— А почему вы решили, что теперь они не дороги мне? — встрепенулся Ковалевский.
— Вы же связали себя со станом монархического отребья…
— Я взялся за оружие, чтобы спасти от большевистского истребления именно революционно-демократическую русскую интеллигенцию, воспитанную на лучших идеалах Белинского и, Чернышевского.
Ковалевский выпрямился, застегнул на все крючки шинель.
— А не кажется ли вам, что общество меняется, вырастает и разрывает старые, изношенные пеленки? — быстро спросила Глаша. — И оно должно уничтожить на своем пути обломки, загораживающие дорогу новому?
— Не найдется ли у вас какого-нибудь курева? — вдруг спросил Ковалевский.
— Подождите, попробую раздобыть, — сказала Глаша и через минуту принесла пригоршню махорки и клочок газеты.
Грязными, давно не мытыми, трясущимися пальцами Ковалевский неловко свернул неуклюжую цигарку. Однако после второй-третьей глубокой затяжки позеленел.

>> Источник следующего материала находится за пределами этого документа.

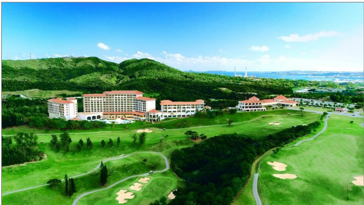
ホテル全景（イメージ）

本ホテルが併設される「PGMゴルフリゾート沖縄」は、2017年に青木 功プロがコースを改造監修して以来、地元沖縄の方から観光客まで、多くのゴルファーに利用されています。本ホテルを開業することにより、ゴルフ場を併設した唯一無二のラグジュアリー総合リゾート施設として、「訪れるたびに新たな感動に出会う楽園」を提供してまいりますので、ぜひご期待ください。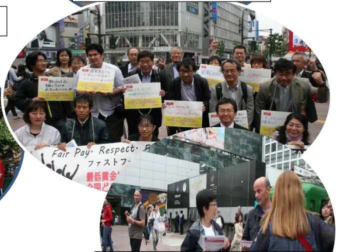
渋谷では道行く海外からの観光客も注目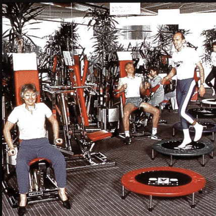
Freizeit- + Sportzentrum MIGROS Greifensee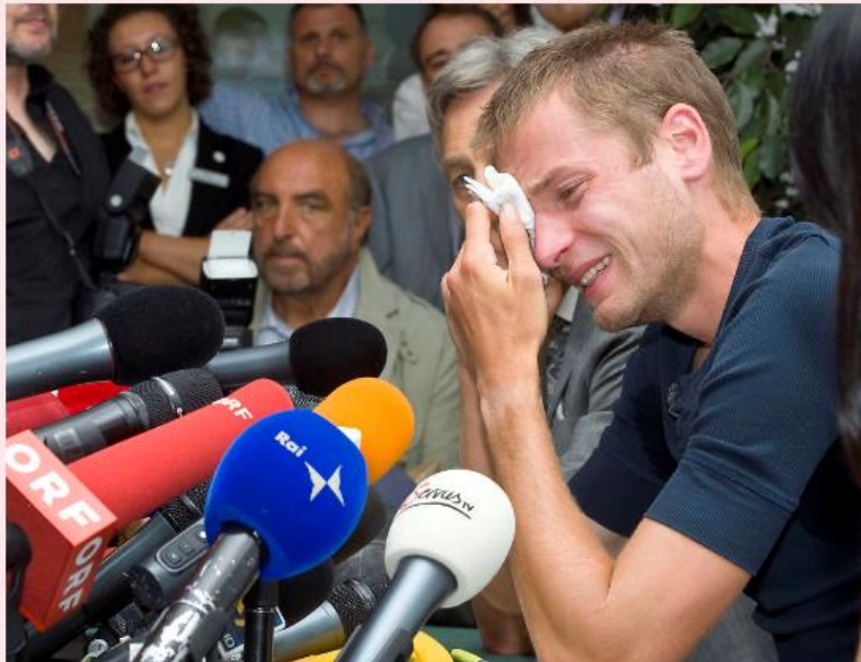
GIUKKI / FELLA: Italias Alex Schwazer under pressekonferansen der OL-gullvinneren innrømmet EPO-lyks rett for London-OL 2012. Under en rettslig høring i Bolzano

— Проклятие! — задохнулся и закашлялся он. — Красноармейская махорка не по мне.
— Простите, Елизар Львович, но высокосортных папирос у наших бойцов нет. — Глаша усмехнулась. — А может быть, вы голодны и потому вам дурно?
— Да, со вчерашнего дня во рту ни росинки, — вдруг сознался Ковалевский и жалко улыбнулся.

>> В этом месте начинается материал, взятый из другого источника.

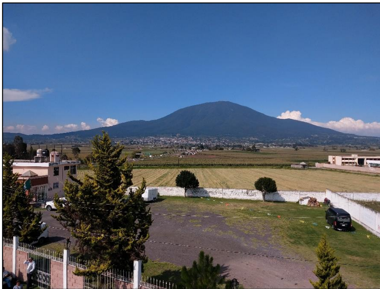
Figura 4. Vista del volcán Jocotitlán, Estado de México.

Se realizan observaciones referentes a la densidad de vegetación y estado que guarda en el contexto general de las geoformas y el uso de suelo. Se destaca la correlación productividad agropastoril, calidad y temperatura del agua.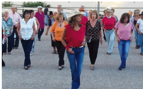
Taller de country

Són prop d'una vintena de cursos i tallers on no hi falten els tallers de la memòria, els d'informàtica, el de ganxet i mitja, el de country, el de marxa nòrdica o els de decoració nadalenca, entre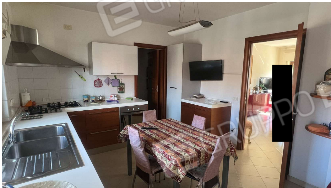
FOTO 3 - CUCINA

Глаша тотчас же отправилась за котелком красноармейского супа.
К голодному, измученному Ковалевскому она испытывала двойное чувство — жалость и раздражение. Почему он, прежде горячо любивший передовых людей русской литературы, внушавший своим питомцам по гимназии симпатии ко всему революционному, теперь повторяет бредовые осважские вымыслы о большевиках? Или он не знает, что даже Блок прекрасно ужился с диктатурой пролетариата. И сотни высших царских офицеров, в том числе офицеров Генерального штаба во главе с Брусиловым, служат в Красной Армии, в ее штабах…

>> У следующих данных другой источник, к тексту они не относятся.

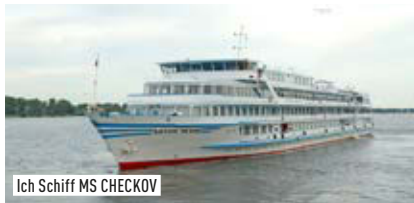
Ich Schiff MS CHEKHOV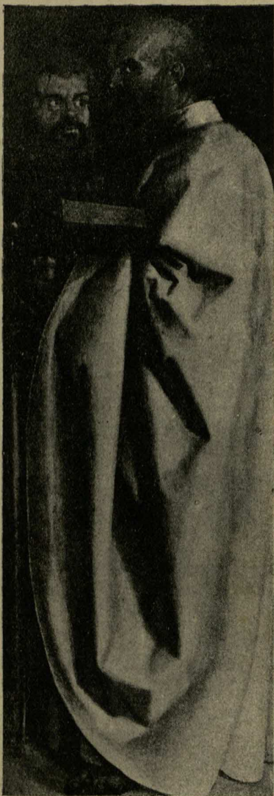
San Pablo y San Marcos.

Красноармейский суп, заправленный свиным салом и пшеном, Ковалевский ел торопливо, жадно, обжигаясь, чмокая губами.
— А знаете, — сказала Глаша, — многие офицеры, попавшие к нам в плен, еще могут встать в ряды Красной Армии.
— Я не князь Курбский и не Мазепа. — Ковалевский отрицательно мотнул головой. — Роль перебежчика меня не прельщает. К тому же, если большевики окончательно одолеют, жизни для меня не будет.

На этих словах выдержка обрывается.